(Beginning of DATA BELOW)

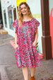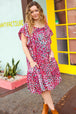 ok more than lovely in this fuchsia and teal abstract dot print midi-length woven poplin dress with a beautiful drape, tiered design, and side pockets. Get your summer on with short flutter sleeves!
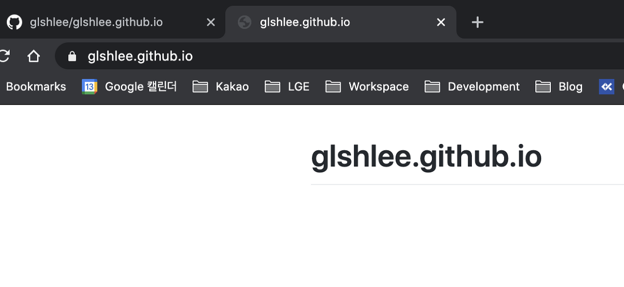 Repository를 생성한 뒤 주소창에 repository 이름을 입력하면 다음과 같이 블로그가 만들어진 것을 볼 수 있습니다.
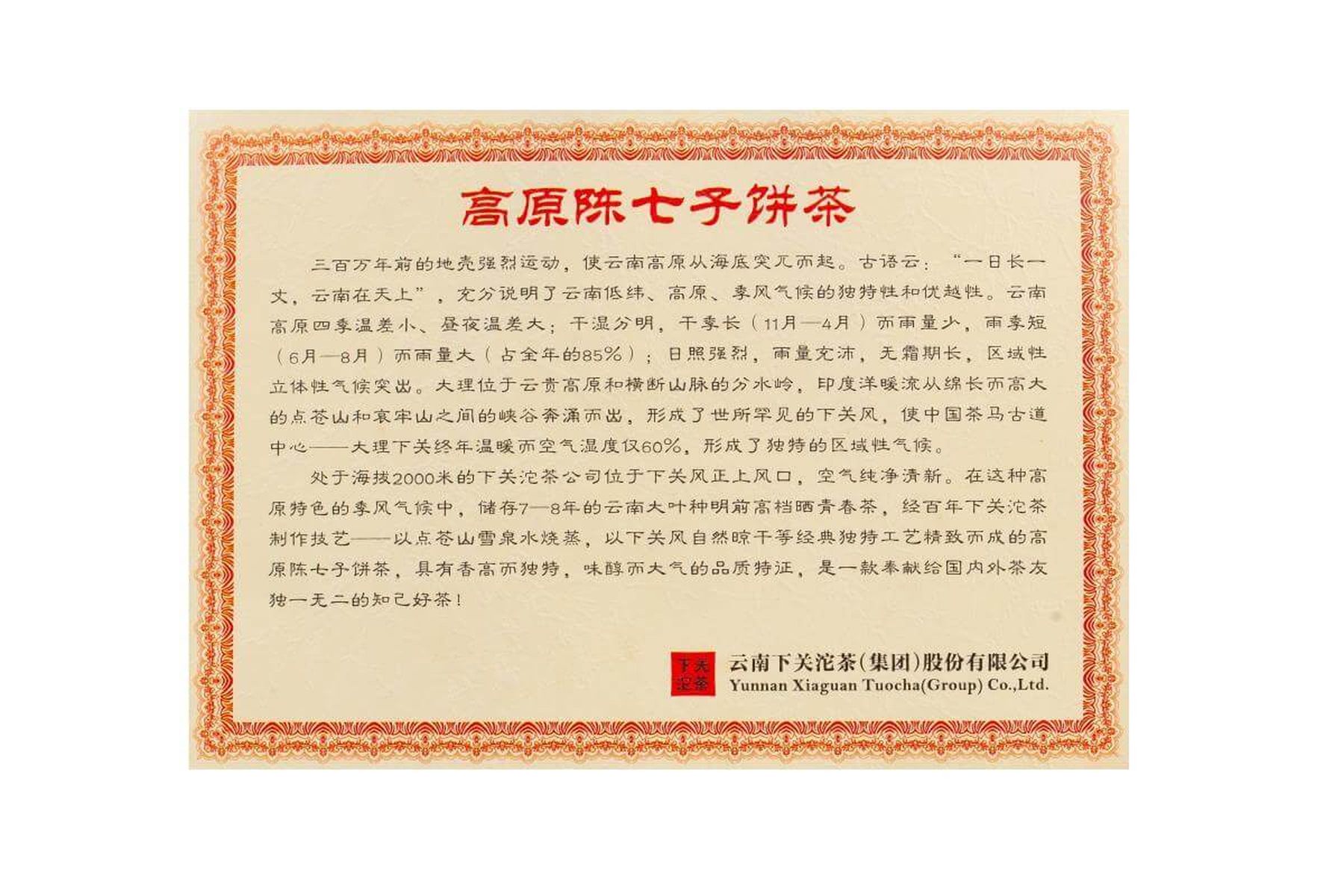 Производитель: завод Сягуань (云南下关沱茶股份有限公司, yúnnán xià guān tuóchá gǔfèn yǒuxiàn gōngsī).

(End of DATA BELOW)

EXERCISE OBJECTIVE. Give back exactly the lines from the one that contains "Repository를 생성한 뒤" to the final line of the data above, both included, with all pictures removed.

SOLUTION TO THE PROBLEM.
 Repository를 생성한 뒤 주소창에 repository 이름을 입력하면 다음과 같이 블로그가 만들어진 것을 볼 수 있습니다.
 Производитель: завод Сягуань (云南下关沱茶股份有限公司, yúnnán xià guān tuóchá gǔfèn yǒuxiàn gōngsī).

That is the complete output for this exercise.